On December 20th, 2023, the Financial Times named Lars Fruergaard Jorgensen as its Person of the Year. Outside of a small group, his is not a name that leaps immediately into many people’s minds at the end of a turbulent year for the world. That itself speaks volumes for the qualities of a great leader.

Jorgensen is the CEO of a company that until recently was not exactly a household name either. Novo Nordisk is a Danish pharmaceutical company, still best known for the product on which it was founded a hundred years ago in 1923, insulin, which is used in the treatment of diabetes.

Jorgensen was appointed CEO in 2016, a traumatic year in which Novo Nordisk had to lay 1000 people, its stock market value fell 15%, and it was subject to lawsuits from patients and the wrath of the newly elected President, Donald Trump, about the price gorging in the USA.

By contrast, this year Novo Nordisk became the most valuable company by stock market capitalization of any company in Europe, just overtaking LVMH for the top spot, and the largest charitable foundation by assets in the world, the Novo Nordisk Foundation, with more than double the assets of the next largest foundation, the Bill and Melinda Gates Foundation.

Great leaders come and go, and today’s corporate stars are tomorrow’s fallen angels and bankrupt companies. So, one should not read too much into one person or one company’s experience. Nevertheless, there is something about the context as well as the person that can be learnt from this example about leadership.

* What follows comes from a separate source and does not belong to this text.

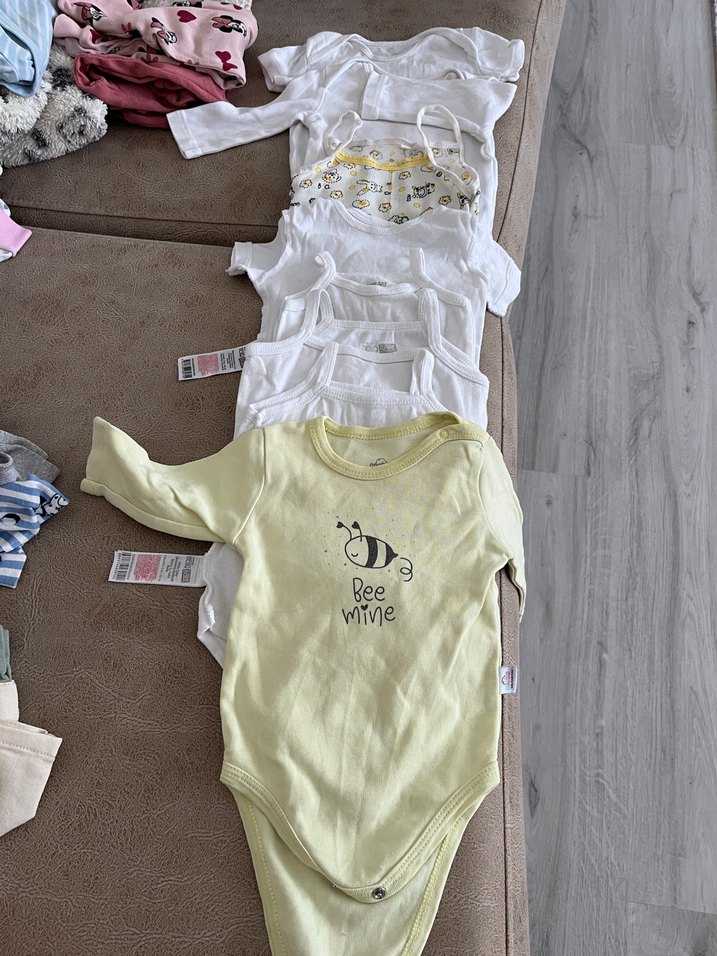 Pastel sarı renkli, uzun kollu, yuvarlak yakalı bebek body. Üzerinde arı baskısı ve "Bee Mine" yazısı bulunur. Düğmeli kapanışlı.

By way of context, it is worth understanding that Denmark, the home of Novo Nordisk, is currently one of the world’s most successful countries. It has one of the highest levels of GDP per capita, lowest levels of inequality, best employee relations and happiest citizens of any country in the world. Again, like leaders and companies, great nations rise and fall, and the economic success of Denmark has depended to no insignificant extent on Novo Nordisk - by some accounts, Denmark would have fallen into recession over the past year had it not been for Novo Nordisk’s contribution.

Enterprise Foundations

But here too there are lessons to be learnt, particularly that great national leadership does not necessarily come from politics or government alone, but also from the business. To understand this, it is important to appreciate that by international standards both Novo Nordisk and Denmark are unusual. Their common distinctive feature is enterprise foundations. Novo Nordisk is an enterprise foundation and Denmark is home to the largest number of enterprise foundations in the world, with 40% of listed foundation enterprises being situated in Denmark.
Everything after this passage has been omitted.